[Work item] Return the records below exactly; pictures stay out.

[Provided data]
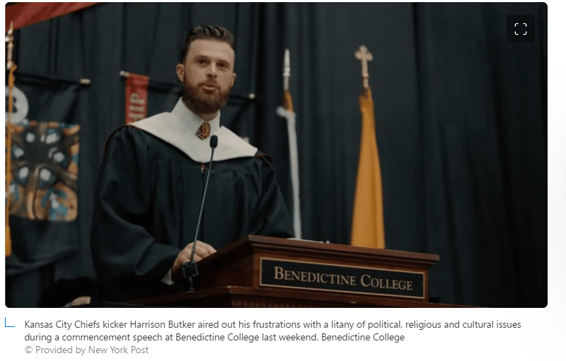 Kansas City Chief placekicker, Harrison Butker, raised himself from relative anonymity with a commencement speech at Benedictine College (Atchison, Kansas) last week. He spoke of Catholicism, of Catholic and traditional values to Catholic kids at a Catholic college. He spoke of “controversial” things like the importance of family, the domestic church, and our distinct roles within the family. The reaction from one-channel media, the NFL, and public figures–the elite who believe they control the narrative–has been overwhelmingly negative. Of course, Mr. Butker probably thought this speech would not travel beyond Atchison. Without seemingly trying, he put the elite in their place. How dare he?
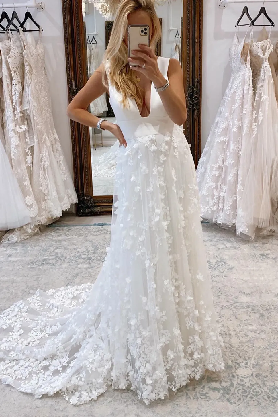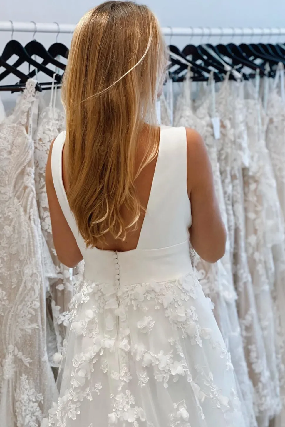 White Deep V-Neck Backless Long Wedding Dress with Appliques
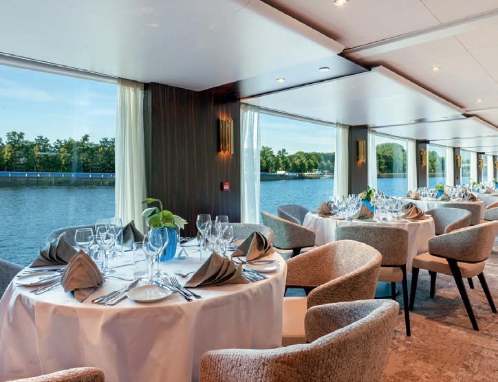 This is one of the most versatile spaces on board, where you may find enthralling entertainment, special highlight dinners, or perhaps simply an elegant place to decompress, drink in hand, or adore stunning views of the river’s shores.
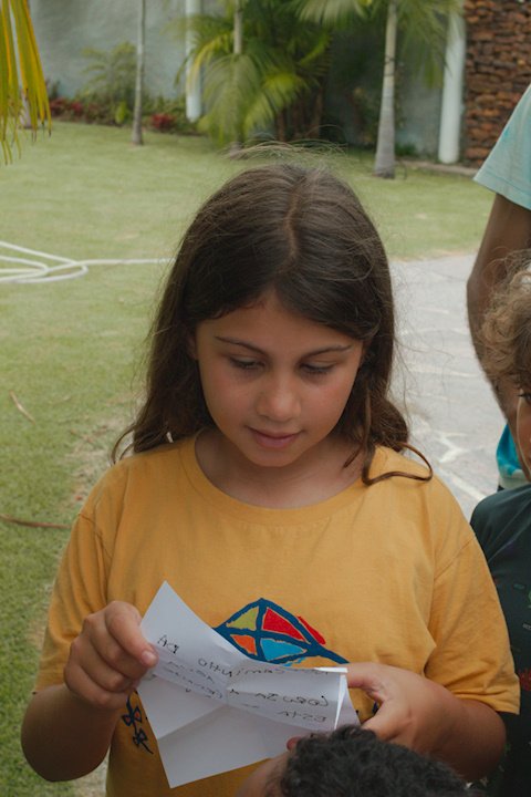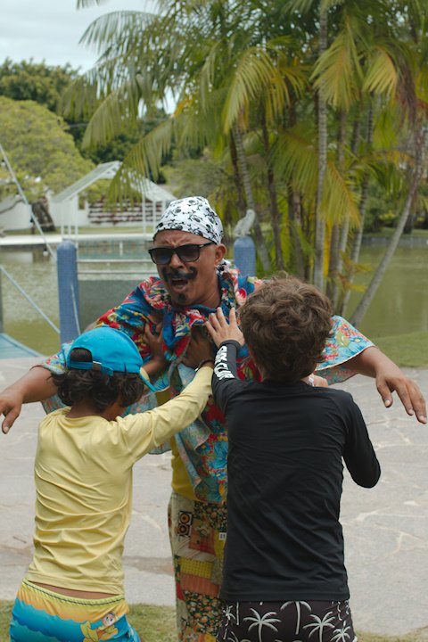 Bom dia Saltimbancos! Na aventura de hoje, a criançada partiu para o sítio vizinho a Uniser. Na chegada, encontraram uma pirata que estava disposta a dividir o tesouro com os acampantes se eles a ajudassem a encontrar. Determinados atrás das pistas, caminharam por todo o espaço, dançaram, atravessaram as pontes, correram e se divertiram muito. No meio do percurso, encontraram outro pirata, mas esse era egoísta e queria o tesouro só para ele. Por fim, graças a todas as dicas e a inteligência da galera, finalmente encontraram o tão sonhado tesouro, uma caixa de doces!!!! E claro, eles compartilharam com a pirata do bem.
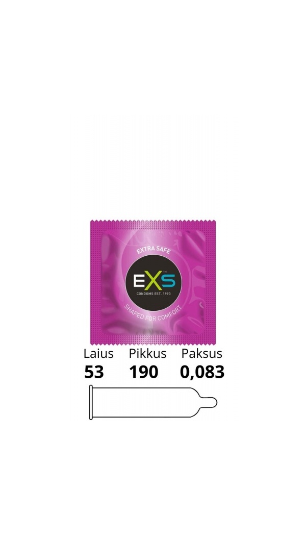 Võrreldes tavakondoomide paksusega(0.07mm) on EXS Extra Safe kondoomide paksus 0.082mm - ideaalsed neile, kes tahavad parimat kaitset ja kindlustunnet, samuti sobivad hästi anaalseksiks. Kõik EXS kondoomid vastavad rangetele ISO ohutusstandarditele ja on toodetud tehastes, mis läbivad pidevalt kvaliteedikontrolli. Elektrooniliselt testitud.
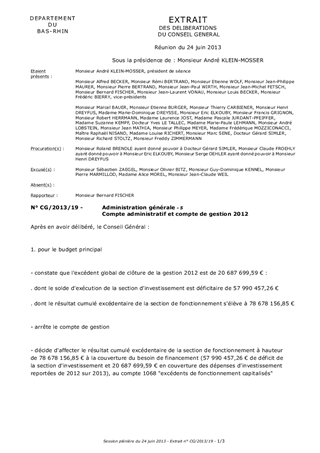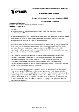 Le présent rapport a pour objet de soumettre à votre approbation le compte administratif pour 2012. Le compte administratif 2012 témoigne de la poursuite des tendances de moyen terme qui affectent les finances départementales et les menacent d'asphyxie, sans une réponse rapide et adaptée de l'Etat de portée générale. Dans ce contexte général de crise, notre collectivité réussit, par sa gestion budgétaire rigoureuse, à tenir ses objectifs de respect des grands équilibres financiers. Faisant face à des dépenses sociales qui progressent encore en 2012 de manière très soutenue à +4,5%, notre collectivité contient l'évolution de ses autres dépenses à un rythme inférieur à celui de l'inflation (1,9%). Cette maîtrise des dépenses de fonctionnement a permis de dégager un niveau d'épargne satisfaisant permettant au Département de soutenir des dépenses d'investissement à un niveau très élevé de 222,2M€, niveau supérieur à 2011 (209,1M€). Cet effort exceptionnel a particulièrement porté sur des projets d'infrastructures structurants pour le développement du territoire bas-rhinois tels que le TGV, l'université et l'immobilier d'entreprise. Ces éléments positifs ne masquent toutefois pas les tendances de fond. Bien que le Département garde fin 2012 des fondamentaux qui restent bons, la poursuite des tendances constatées (hausse des dépenses sociales, haut niveau d'investissement) ou annoncées (baisse des dotations d'Etat) pose à brève échéance les questions de son épargne, de sa dette et de sa capacité à investir. Dans ce contexte, le renforcement de la maîtrise du fonctionnement et la capacité de dégager une épargne suffisante demeurent un impératif.
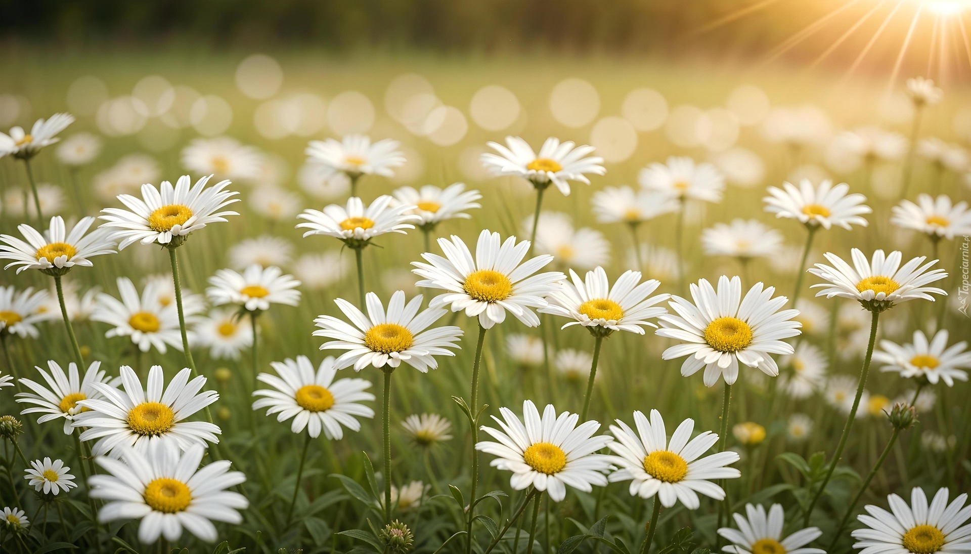Edytor tapety: Rozświetlone promieniami słońca białe stokrotki
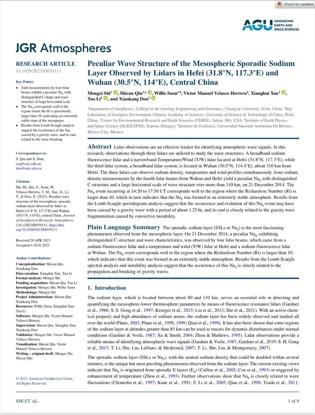依托国家自然科学基金面上项目(基于子午工程激光雷达的突发钠层新机制研究),他以第一作者在《Journal of Geophysical Research: Atmospheres》上发表了题为“Peculiar Wave Structure of the Mesospheric Sporadic Sodium Layer Observed by Lidars in Hefei (31.8°N, 117.3°E) and Wuhan (30.5°N, 114°E), Central China”的学术论文, 《JGR: Atmosphere》是地学领域高质量科技期刊分级T1期刊、自然指数(Nature Index,NI)选取的68种世界一流科技期刊之一,是中国科澳门金沙娱乐城app
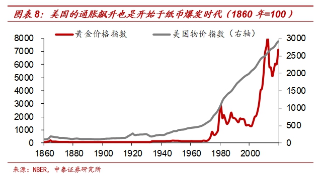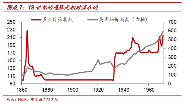 纸币的大量发行,相对稀缺性下降,往往也会导致纸币衡量的整体物价水平的上升,即通胀现象,钱不值钱。在1860年之后的40年时间里,美国物价水平只上涨了11%,年化通胀率不到0.3%,通胀速度是非常缓慢的。此期间的通胀上涨主要集中在了美国内战前后,当时黄金价格也大幅飙升,之后美国通胀和金价均大幅回落。
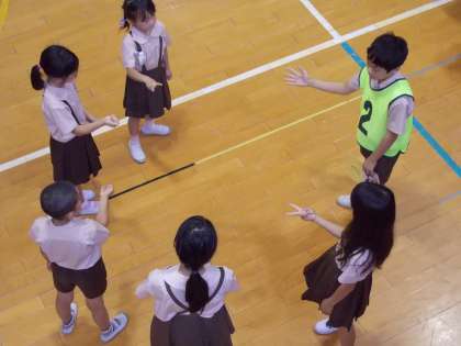 円になり、リーダーに負けた人の数だけ時計回りに回ります。一定の時間が来てストップの合図があったときにリーダーだった人が今日のラッキーさんです。
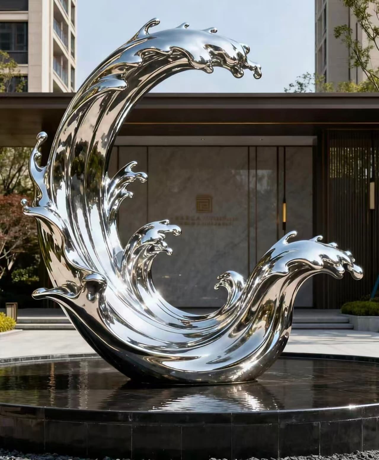 • Public & Urban Areas: Use abstract stainless steel water sculptures or weatherproof stainless steel waterscapes for plazas, parks, and plazas. Their durability and bold design make them ideal for high-traffic outdoor locations, adding a touch of luxury and interaction to public spaces.
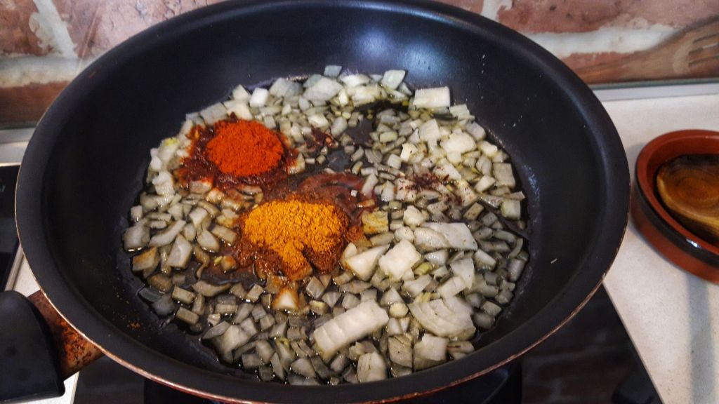 Tocam marunt ceapa si o calim 2-3 minute in ulei incins, impreuna cu condimentele.
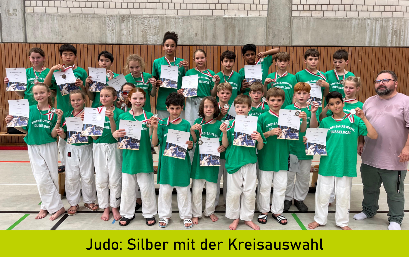 Hayden Keuter und Max Albin holen Silber mit der Kreisauswahlmannschaft beim Nordrhein-Cup. In Leverkusen fand am letzten Wochenende der Nordrhein-Cup für Kreisauswahlmannschaften der männlichen und weiblichen Jugend U13 statt. Unsere Judoka Hayden und Max wurden für die Mannschaft des Judokreises Düsseldorf nominiert. Im ersten Duell gab es einen klaren 10:4-Sieg gegen Bonn, darauf folgte ein 11:5-Erfolg gegen Aachen und ein überzeugender 9:6-Sieg gegen Köln. Im Finale kam es zum Showdown gegen den Titelverteidiger Bergisches Land. Nach einem 8:8 in der regulären Zeit ging es in die Verlängerung: Ein Sieg, aber leider zwei knappe Niederlagen sorgten für den Endstand 10:9 für den Kreis Bergisches Land.
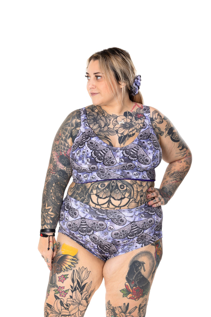 Bring a little spooky sweetness to your lingerie drawer with our Lilac Skull Moth Comfort Bra, created in collaboration with the fabulous Sugar Plum Creations. This limited-edition piece blends Wilde Mode comfort with Sugar Plum’s signature gothic whimsy — soft lilac tones, delicate skull motifs, and a vibe that’s equal parts dark and dreamy.
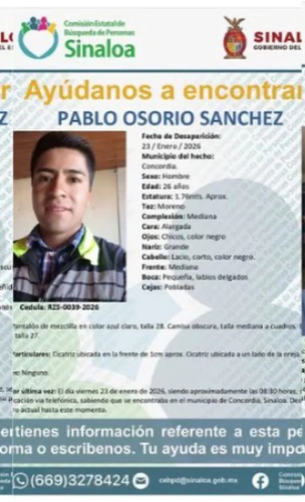 - Pablo Osorio Sánchez, de 26 años, con estatura de 1.76 metros aproximadamente y complexión mediana, también fue reportado como desaparecido el 23 de enero.
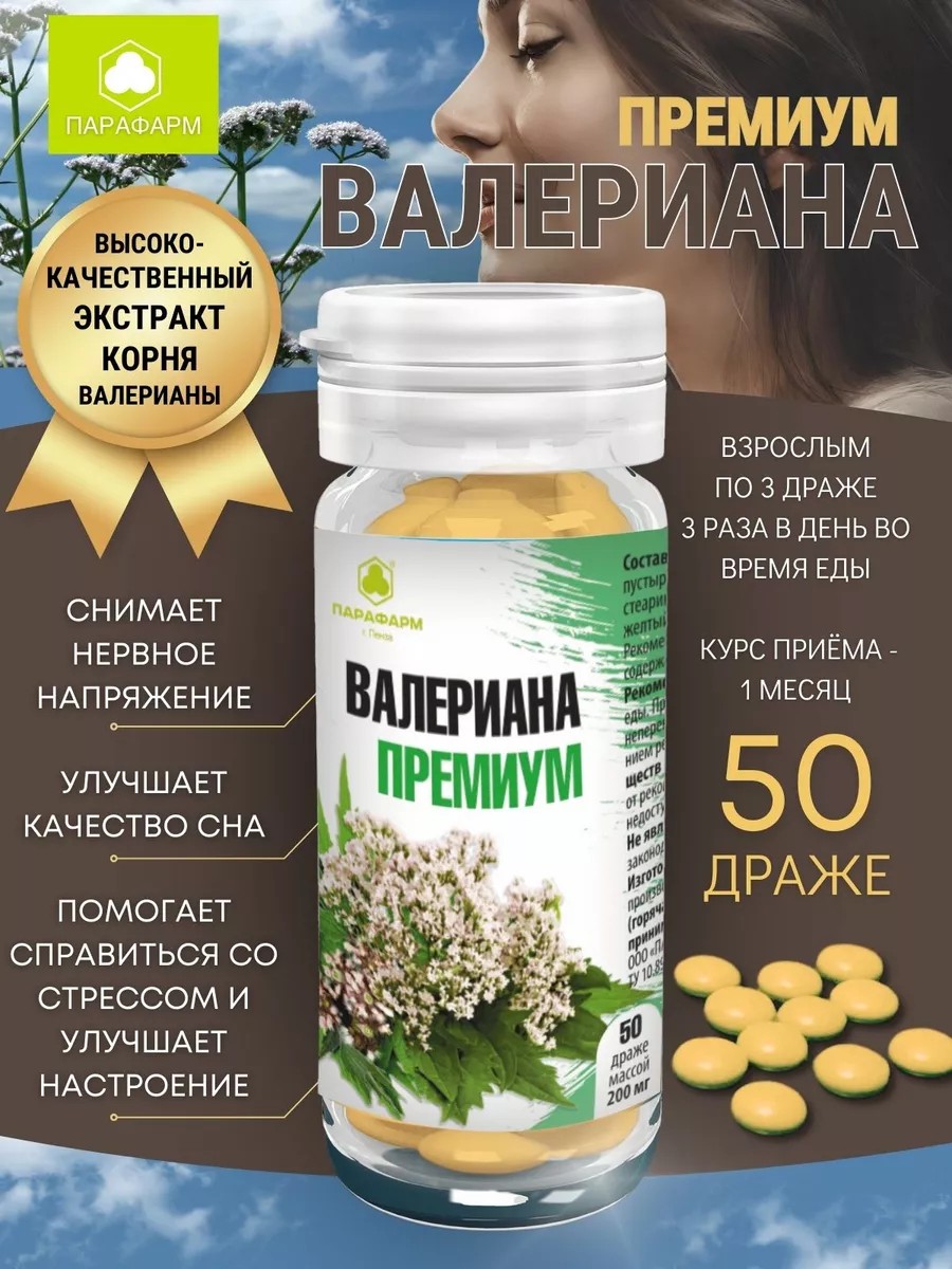 Валериана Премиум от Парафарм - это успокаивающий препарат растительного происхождения, снимающий напряжение. Успокоительное на основе валерианы рекомендуется при расстройствах центральной нервной системы (повышенной эмоциональной возбудимости, тревожности, истерии); при бессоннице и плохом неглубоком сне. Валериана показана для нормализации работы сердца, для снижения артериального давления, для снятия спазмов и судорог, для устранения приступов эпилепсии. Также валериана используется при нарушениях коронарного кровообращения, при желудочно кишечных расстройствах, при нарушениях работы печени и желчного пузыря, при заболеваниях щитовидной железы, при менструальных болях, при мигренях, спровоцированных нервными расстройствами. Валериана также благотворно влияет на процесс очищения организма от паразитов.

[Result of this task]
 Kansas City Chief placekicker, Harrison Butker, raised himself from relative anonymity with a commencement speech at Benedictine College (Atchison, Kansas) last week. He spoke of Catholicism, of Catholic and traditional values to Catholic kids at a Catholic college. He spoke of “controversial” things like the importance of family, the domestic church, and our distinct roles within the family. The reaction from one-channel media, the NFL, and public figures–the elite who believe they control the narrative–has been overwhelmingly negative. Of course, Mr. Butker probably thought this speech would not travel beyond Atchison. Without seemingly trying, he put the elite in their place. How dare he?
 White Deep V-Neck Backless Long Wedding Dress with Appliques
 This is one of the most versatile spaces on board, where you may find enthralling entertainment, special highlight dinners, or perhaps simply an elegant place to decompress, drink in hand, or adore stunning views of the river’s shores.
 Bom dia Saltimbancos! Na aventura de hoje, a criançada partiu para o sítio vizinho a Uniser. Na chegada, encontraram uma pirata que estava disposta a dividir o tesouro com os acampantes se eles a ajudassem a encontrar. Determinados atrás das pistas, caminharam por todo o espaço, dançaram, atravessaram as pontes, correram e se divertiram muito. No meio do percurso, encontraram outro pirata, mas esse era egoísta e queria o tesouro só para ele. Por fim, graças a todas as dicas e a inteligência da galera, finalmente encontraram o tão sonhado tesouro, uma caixa de doces!!!! E claro, eles compartilharam com a pirata do bem.
 Võrreldes tavakondoomide paksusega(0.07mm) on EXS Extra Safe kondoomide paksus 0.082mm - ideaalsed neile, kes tahavad parimat kaitset ja kindlustunnet, samuti sobivad hästi anaalseksiks. Kõik EXS kondoomid vastavad rangetele ISO ohutusstandarditele ja on toodetud tehastes, mis läbivad pidevalt kvaliteedikontrolli. Elektrooniliselt testitud.
 Le présent rapport a pour objet de soumettre à votre approbation le compte administratif pour 2012. Le compte administratif 2012 témoigne de la poursuite des tendances de moyen terme qui affectent les finances départementales et les menacent d'asphyxie, sans une réponse rapide et adaptée de l'Etat de portée générale. Dans ce contexte général de crise, notre collectivité réussit, par sa gestion budgétaire rigoureuse, à tenir ses objectifs de respect des grands équilibres financiers. Faisant face à des dépenses sociales qui progressent encore en 2012 de manière très soutenue à +4,5%, notre collectivité contient l'évolution de ses autres dépenses à un rythme inférieur à celui de l'inflation (1,9%). Cette maîtrise des dépenses de fonctionnement a permis de dégager un niveau d'épargne satisfaisant permettant au Département de soutenir des dépenses d'investissement à un niveau très élevé de 222,2M€, niveau supérieur à 2011 (209,1M€). Cet effort exceptionnel a particulièrement porté sur des projets d'infrastructures structurants pour le développement du territoire bas-rhinois tels que le TGV, l'université et l'immobilier d'entreprise. Ces éléments positifs ne masquent toutefois pas les tendances de fond. Bien que le Département garde fin 2012 des fondamentaux qui restent bons, la poursuite des tendances constatées (hausse des dépenses sociales, haut niveau d'investissement) ou annoncées (baisse des dotations d'Etat) pose à brève échéance les questions de son épargne, de sa dette et de sa capacité à investir. Dans ce contexte, le renforcement de la maîtrise du fonctionnement et la capacité de dégager une épargne suffisante demeurent un impératif.
Edytor tapety: Rozświetlone promieniami słońca białe stokrotki
依托国家自然科学基金面上项目(基于子午工程激光雷达的突发钠层新机制研究),他以第一作者在《Journal of Geophysical Research: Atmospheres》上发表了题为“Peculiar Wave Structure of the Mesospheric Sporadic Sodium Layer Observed by Lidars in Hefei (31.8°N, 117.3°E) and Wuhan (30.5°N, 114°E), Central China”的学术论文, 《JGR: Atmosphere》是地学领域高质量科技期刊分级T1期刊、自然指数(Nature Index,NI)选取的68种世界一流科技期刊之一,是中国科澳门金沙娱乐城app
 纸币的大量发行,相对稀缺性下降,往往也会导致纸币衡量的整体物价水平的上升,即通胀现象,钱不值钱。在1860年之后的40年时间里,美国物价水平只上涨了11%,年化通胀率不到0.3%,通胀速度是非常缓慢的。此期间的通胀上涨主要集中在了美国内战前后,当时黄金价格也大幅飙升,之后美国通胀和金价均大幅回落。
 円になり、リーダーに負けた人の数だけ時計回りに回ります。一定の時間が来てストップの合図があったときにリーダーだった人が今日のラッキーさんです。
 • Public & Urban Areas: Use abstract stainless steel water sculptures or weatherproof stainless steel waterscapes for plazas, parks, and plazas. Their durability and bold design make them ideal for high-traffic outdoor locations, adding a touch of luxury and interaction to public spaces.
 Tocam marunt ceapa si o calim 2-3 minute in ulei incins, impreuna cu condimentele.
 Hayden Keuter und Max Albin holen Silber mit der Kreisauswahlmannschaft beim Nordrhein-Cup. In Leverkusen fand am letzten Wochenende der Nordrhein-Cup für Kreisauswahlmannschaften der männlichen und weiblichen Jugend U13 statt. Unsere Judoka Hayden und Max wurden für die Mannschaft des Judokreises Düsseldorf nominiert. Im ersten Duell gab es einen klaren 10:4-Sieg gegen Bonn, darauf folgte ein 11:5-Erfolg gegen Aachen und ein überzeugender 9:6-Sieg gegen Köln. Im Finale kam es zum Showdown gegen den Titelverteidiger Bergisches Land. Nach einem 8:8 in der regulären Zeit ging es in die Verlängerung: Ein Sieg, aber leider zwei knappe Niederlagen sorgten für den Endstand 10:9 für den Kreis Bergisches Land.
 Bring a little spooky sweetness to your lingerie drawer with our Lilac Skull Moth Comfort Bra, created in collaboration with the fabulous Sugar Plum Creations. This limited-edition piece blends Wilde Mode comfort with Sugar Plum’s signature gothic whimsy — soft lilac tones, delicate skull motifs, and a vibe that’s equal parts dark and dreamy.
 - Pablo Osorio Sánchez, de 26 años, con estatura de 1.76 metros aproximadamente y complexión mediana, también fue reportado como desaparecido el 23 de enero.
 Валериана Премиум от Парафарм - это успокаивающий препарат растительного происхождения, снимающий напряжение. Успокоительное на основе валерианы рекомендуется при расстройствах центральной нервной системы (повышенной эмоциональной возбудимости, тревожности, истерии); при бессоннице и плохом неглубоком сне. Валериана показана для нормализации работы сердца, для снижения артериального давления, для снятия спазмов и судорог, для устранения приступов эпилепсии. Также валериана используется при нарушениях коронарного кровообращения, при желудочно кишечных расстройствах, при нарушениях работы печени и желчного пузыря, при заболеваниях щитовидной железы, при менструальных болях, при мигренях, спровоцированных нервными расстройствами. Валериана также благотворно влияет на процесс очищения организма от паразитов.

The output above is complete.